Stored items |
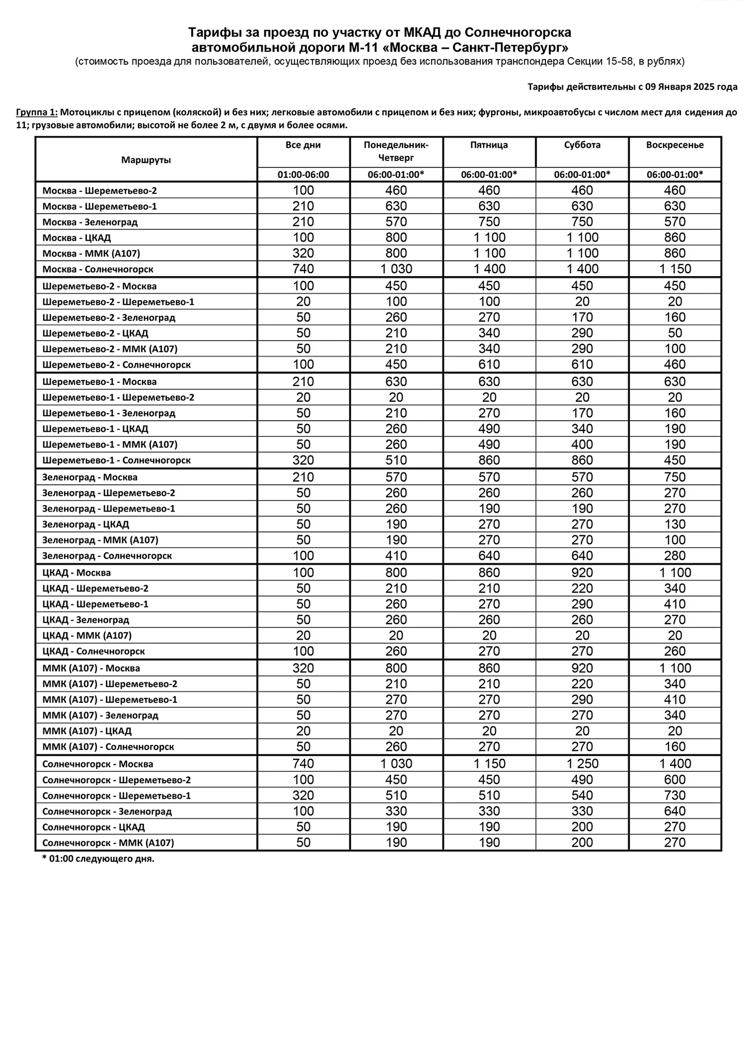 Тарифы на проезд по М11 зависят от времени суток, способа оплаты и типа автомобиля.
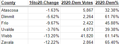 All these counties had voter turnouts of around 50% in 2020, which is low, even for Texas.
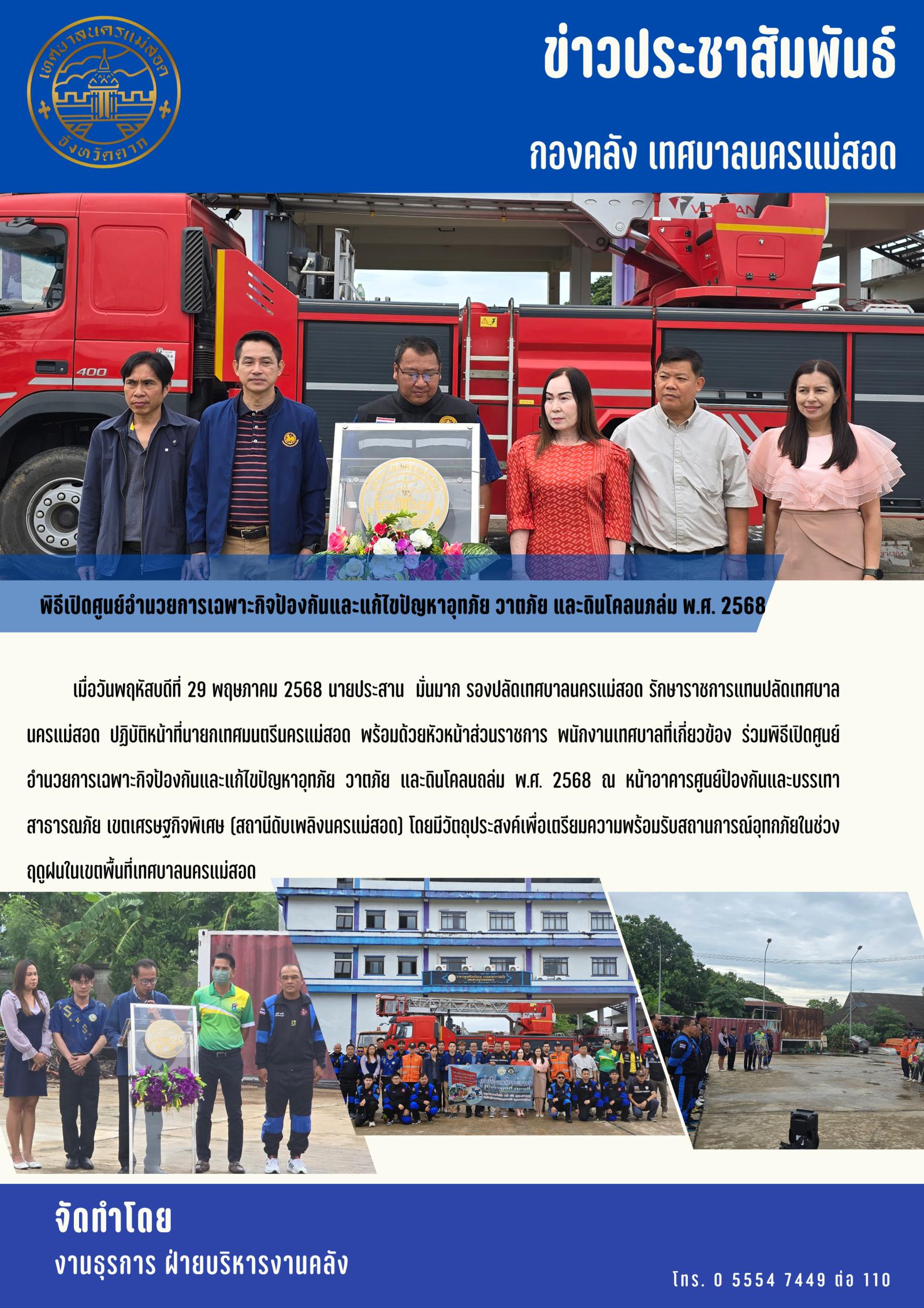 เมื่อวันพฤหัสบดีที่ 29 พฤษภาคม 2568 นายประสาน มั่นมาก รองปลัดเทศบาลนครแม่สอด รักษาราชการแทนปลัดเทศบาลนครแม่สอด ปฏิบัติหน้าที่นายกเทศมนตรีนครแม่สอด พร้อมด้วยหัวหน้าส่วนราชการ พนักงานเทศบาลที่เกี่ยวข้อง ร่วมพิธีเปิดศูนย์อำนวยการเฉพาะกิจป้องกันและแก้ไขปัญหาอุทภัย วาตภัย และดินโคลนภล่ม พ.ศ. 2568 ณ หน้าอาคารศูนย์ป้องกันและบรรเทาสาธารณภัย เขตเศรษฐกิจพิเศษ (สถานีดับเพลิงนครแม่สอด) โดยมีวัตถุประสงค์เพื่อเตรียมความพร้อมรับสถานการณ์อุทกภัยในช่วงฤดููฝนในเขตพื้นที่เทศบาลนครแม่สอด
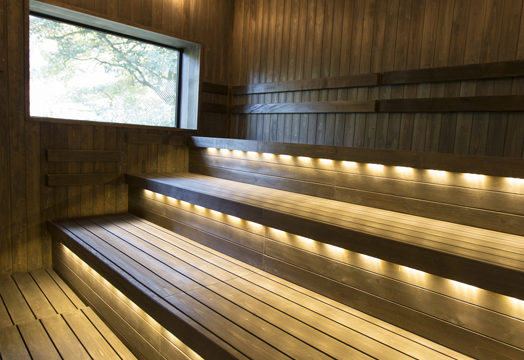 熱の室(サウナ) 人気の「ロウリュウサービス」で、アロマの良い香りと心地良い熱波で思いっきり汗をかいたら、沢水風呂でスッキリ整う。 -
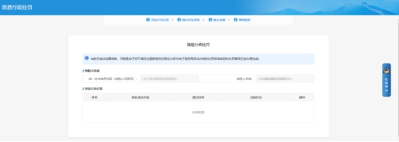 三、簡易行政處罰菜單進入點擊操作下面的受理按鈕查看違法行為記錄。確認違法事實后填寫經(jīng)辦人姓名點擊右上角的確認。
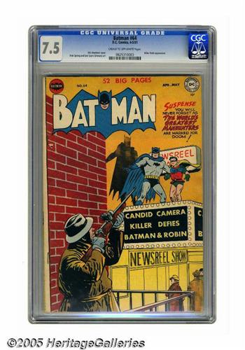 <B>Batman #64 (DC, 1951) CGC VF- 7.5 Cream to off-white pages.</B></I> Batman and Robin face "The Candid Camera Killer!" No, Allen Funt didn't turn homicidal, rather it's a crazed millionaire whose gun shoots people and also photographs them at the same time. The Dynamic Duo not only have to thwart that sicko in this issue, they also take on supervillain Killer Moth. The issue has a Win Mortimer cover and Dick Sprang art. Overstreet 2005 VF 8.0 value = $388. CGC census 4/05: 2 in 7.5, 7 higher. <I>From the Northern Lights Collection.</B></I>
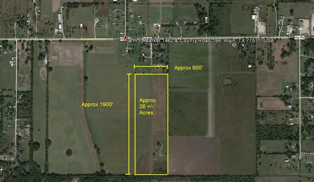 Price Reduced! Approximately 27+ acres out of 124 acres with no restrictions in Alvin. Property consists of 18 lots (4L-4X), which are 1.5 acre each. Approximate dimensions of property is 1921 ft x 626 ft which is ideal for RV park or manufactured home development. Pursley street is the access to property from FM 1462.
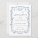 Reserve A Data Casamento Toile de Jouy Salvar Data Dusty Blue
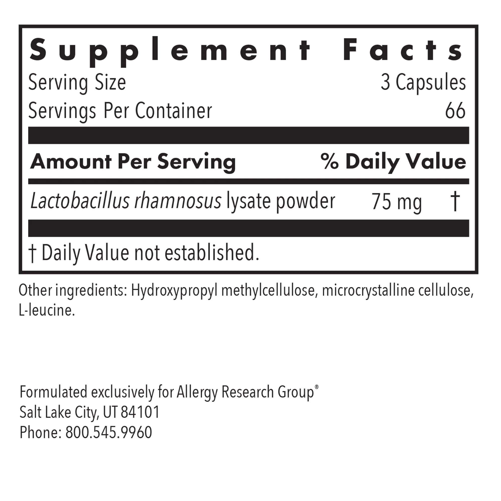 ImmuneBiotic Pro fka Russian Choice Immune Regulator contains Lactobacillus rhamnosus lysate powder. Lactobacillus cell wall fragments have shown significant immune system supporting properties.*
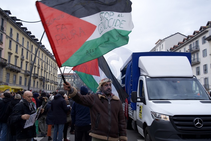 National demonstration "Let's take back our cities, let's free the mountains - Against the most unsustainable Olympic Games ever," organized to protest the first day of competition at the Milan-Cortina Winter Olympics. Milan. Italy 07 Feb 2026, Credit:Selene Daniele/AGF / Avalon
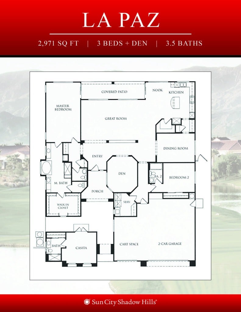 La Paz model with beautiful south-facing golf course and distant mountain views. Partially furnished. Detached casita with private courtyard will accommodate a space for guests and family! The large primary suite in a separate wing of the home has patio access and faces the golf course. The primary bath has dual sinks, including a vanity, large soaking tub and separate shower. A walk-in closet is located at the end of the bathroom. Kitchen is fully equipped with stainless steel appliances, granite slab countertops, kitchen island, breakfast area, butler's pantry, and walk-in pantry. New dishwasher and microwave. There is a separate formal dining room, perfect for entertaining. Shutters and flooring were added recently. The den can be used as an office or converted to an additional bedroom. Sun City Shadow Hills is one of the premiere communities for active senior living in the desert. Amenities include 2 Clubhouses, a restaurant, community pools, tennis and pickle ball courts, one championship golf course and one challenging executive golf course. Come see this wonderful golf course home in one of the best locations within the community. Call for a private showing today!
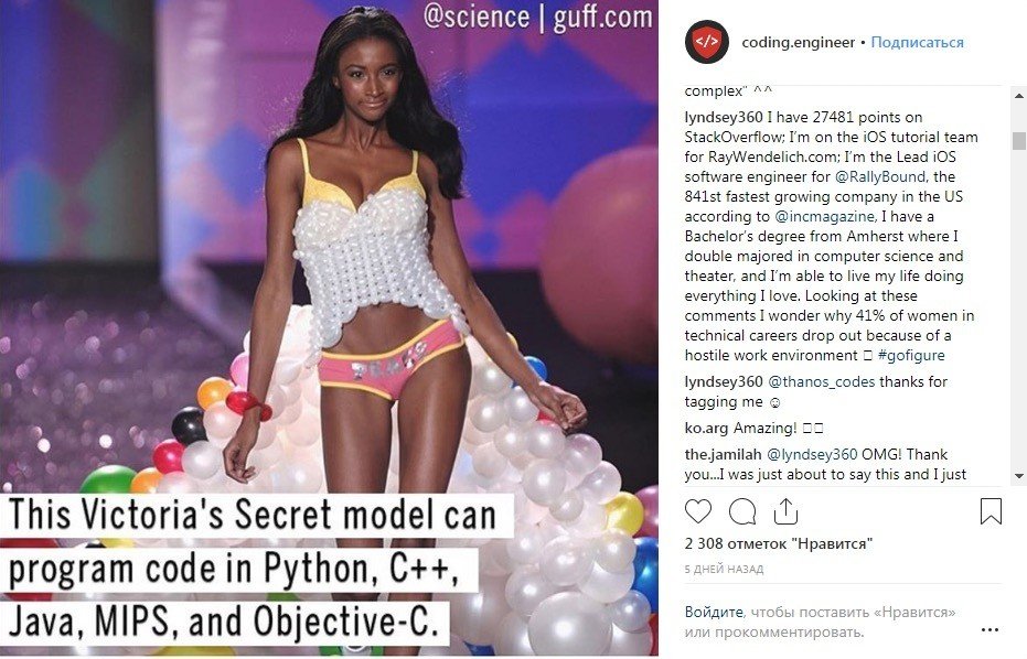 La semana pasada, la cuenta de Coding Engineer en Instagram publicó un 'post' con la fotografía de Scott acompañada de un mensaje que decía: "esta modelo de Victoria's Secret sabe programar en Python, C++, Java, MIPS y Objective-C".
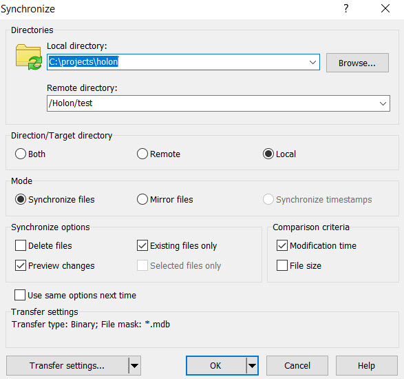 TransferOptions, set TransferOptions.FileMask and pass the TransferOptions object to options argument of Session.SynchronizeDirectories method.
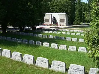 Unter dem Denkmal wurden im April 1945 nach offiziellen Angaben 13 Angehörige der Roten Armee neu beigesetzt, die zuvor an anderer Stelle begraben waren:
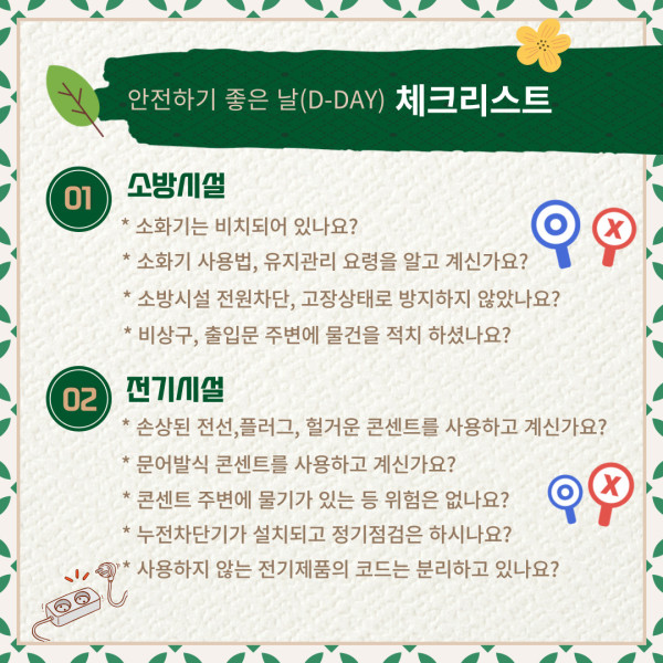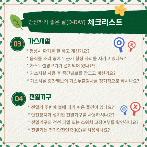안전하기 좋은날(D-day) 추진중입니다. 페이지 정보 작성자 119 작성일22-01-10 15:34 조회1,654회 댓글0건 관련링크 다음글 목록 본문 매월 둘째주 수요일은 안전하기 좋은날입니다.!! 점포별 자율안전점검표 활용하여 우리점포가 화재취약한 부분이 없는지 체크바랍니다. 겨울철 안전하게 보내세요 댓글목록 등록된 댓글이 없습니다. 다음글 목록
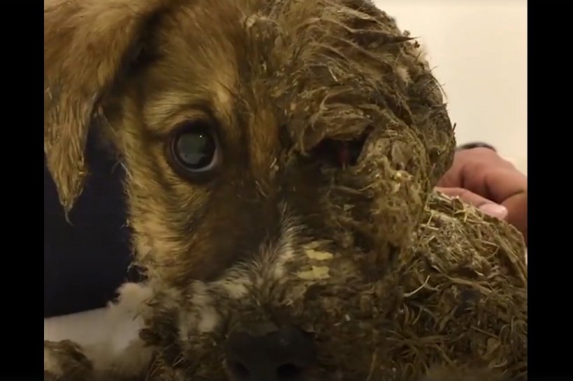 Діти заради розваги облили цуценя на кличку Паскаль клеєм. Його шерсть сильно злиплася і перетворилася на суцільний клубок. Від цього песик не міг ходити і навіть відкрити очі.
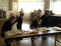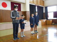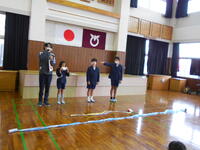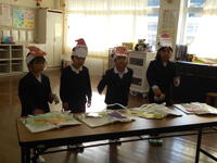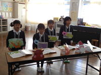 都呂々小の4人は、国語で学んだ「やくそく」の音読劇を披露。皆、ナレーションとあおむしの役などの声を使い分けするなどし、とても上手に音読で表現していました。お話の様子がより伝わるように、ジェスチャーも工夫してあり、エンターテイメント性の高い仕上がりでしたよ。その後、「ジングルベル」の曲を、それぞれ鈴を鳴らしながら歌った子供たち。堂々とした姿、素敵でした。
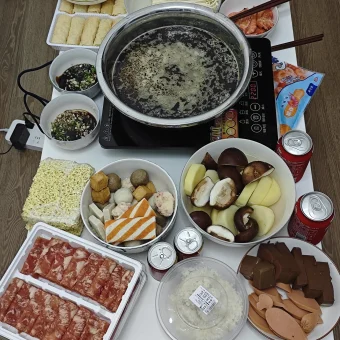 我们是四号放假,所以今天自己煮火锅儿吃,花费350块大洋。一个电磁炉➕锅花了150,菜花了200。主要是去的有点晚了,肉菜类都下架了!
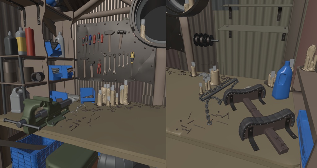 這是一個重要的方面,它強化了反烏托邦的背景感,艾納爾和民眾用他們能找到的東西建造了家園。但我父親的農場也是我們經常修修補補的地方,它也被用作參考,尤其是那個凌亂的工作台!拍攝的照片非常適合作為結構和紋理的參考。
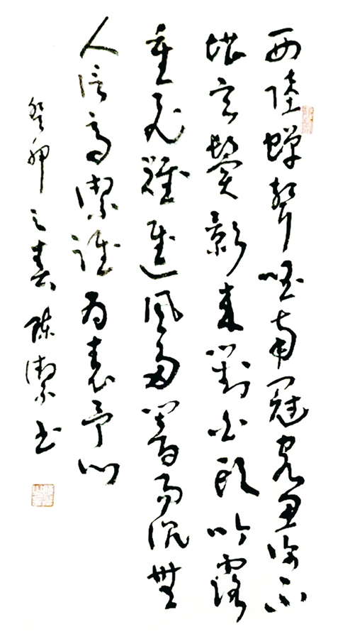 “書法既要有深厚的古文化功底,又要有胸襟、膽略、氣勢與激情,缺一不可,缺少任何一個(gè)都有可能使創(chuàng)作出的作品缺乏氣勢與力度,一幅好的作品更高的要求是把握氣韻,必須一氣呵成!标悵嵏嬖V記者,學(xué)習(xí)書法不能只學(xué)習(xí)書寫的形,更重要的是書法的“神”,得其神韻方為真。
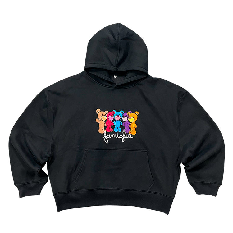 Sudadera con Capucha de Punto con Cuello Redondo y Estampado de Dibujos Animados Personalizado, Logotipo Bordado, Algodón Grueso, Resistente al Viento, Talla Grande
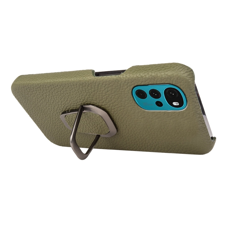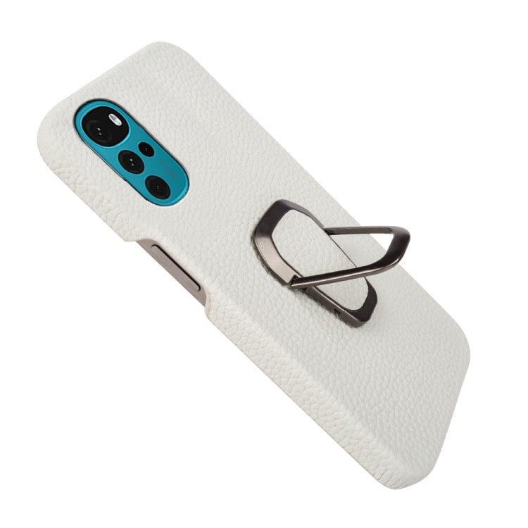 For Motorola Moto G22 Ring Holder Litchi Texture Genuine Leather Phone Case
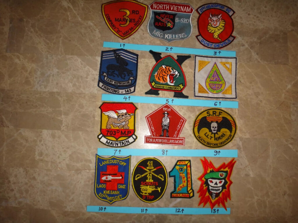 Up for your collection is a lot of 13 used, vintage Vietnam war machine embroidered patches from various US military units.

What is needed | Locate the line containing "這是一個重要的方面,它強化了" in the records above, then output it and every line after it through the last, excluding pictures.

Exercise result |
 這是一個重要的方面,它強化了反烏托邦的背景感,艾納爾和民眾用他們能找到的東西建造了家園。但我父親的農場也是我們經常修修補補的地方,它也被用作參考,尤其是那個凌亂的工作台!拍攝的照片非常適合作為結構和紋理的參考。
 “書法既要有深厚的古文化功底,又要有胸襟、膽略、氣勢與激情,缺一不可,缺少任何一個(gè)都有可能使創(chuàng)作出的作品缺乏氣勢與力度,一幅好的作品更高的要求是把握氣韻,必須一氣呵成!标悵嵏嬖V記者,學(xué)習(xí)書法不能只學(xué)習(xí)書寫的形,更重要的是書法的“神”,得其神韻方為真。
 Sudadera con Capucha de Punto con Cuello Redondo y Estampado de Dibujos Animados Personalizado, Logotipo Bordado, Algodón Grueso, Resistente al Viento, Talla Grande
 For Motorola Moto G22 Ring Holder Litchi Texture Genuine Leather Phone Case
 Up for your collection is a lot of 13 used, vintage Vietnam war machine embroidered patches from various US military units.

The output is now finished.